Items listed in a dataset
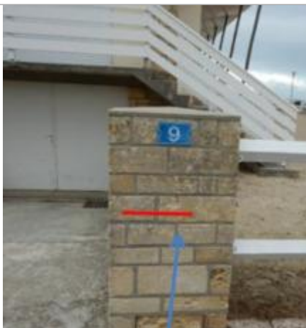
9, Avenue Saint-Gerbould
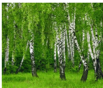
3. береза повислая
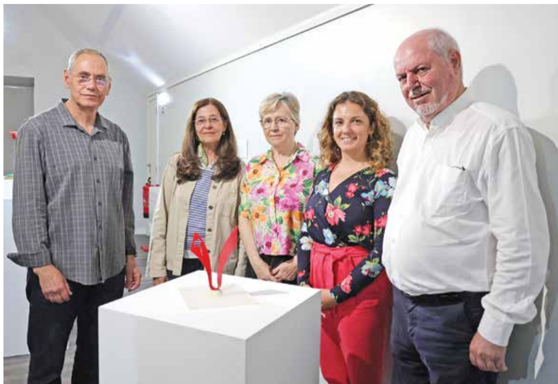
A forma da escultura é inspirada na canção "Somos livres (uma gaivota voava voava)"

AZEITÃO | ESCULTURA É INSTALADA NOS 50 ANOS DO 25 DE ABRIL
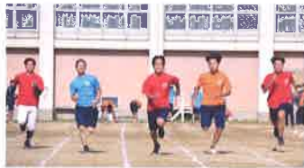
敦工祭 (体育祭) (9月)
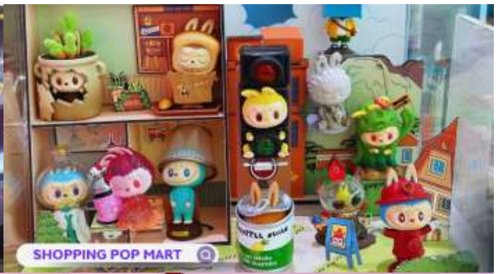
SHOPPING POP MART
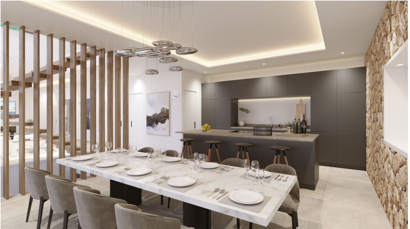
Villa Santa Ponsa
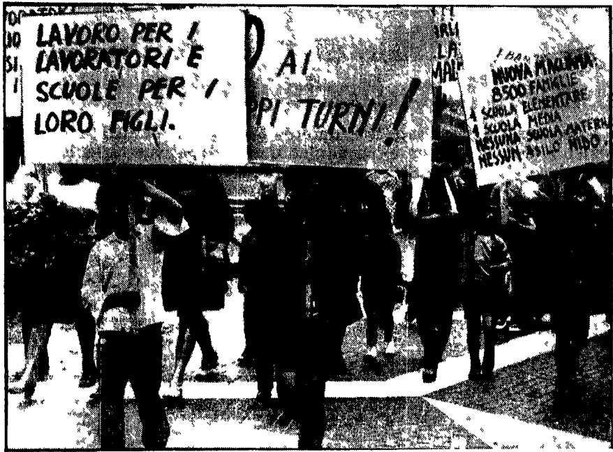
Una recente manifestazione popolare in Campidoglio la situazione scolastica a Roma è drammatica
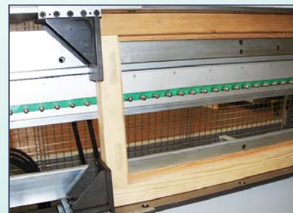
barra griglie sdoppiata a passo variabile bar in two parts with variable pitch
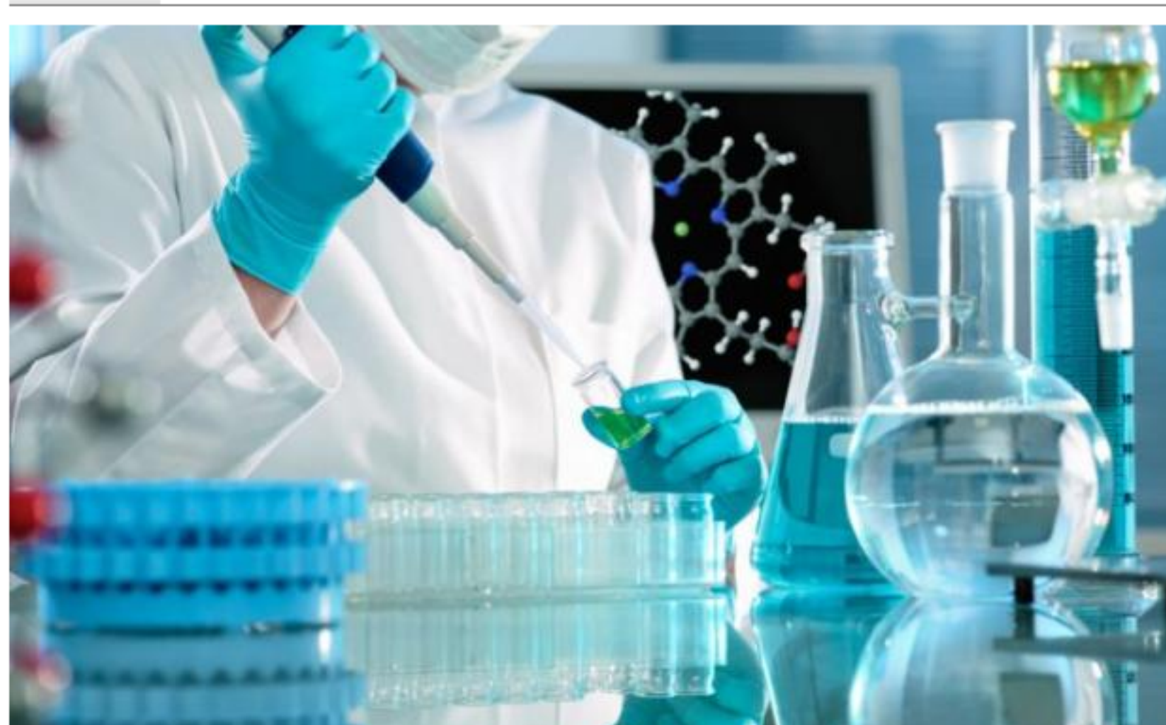
Capacidad. Empresas locales ya pueden sustituir parte de las importaciones.

*WHAT TO DO*
Using the data above, print only the lines starting at the one with "A forma da escultura" and ending at the one with "Villa Santa Ponsa", exactly as they stand, minus the pictures.

*SOLVED EXERCISE*
A forma da escultura é inspirada na canção "Somos livres (uma gaivota voava voava)"

AZEITÃO | ESCULTURA É INSTALADA NOS 50 ANOS DO 25 DE ABRIL
敦工祭 (体育祭) (9月)
SHOPPING POP MART
Villa Santa Ponsa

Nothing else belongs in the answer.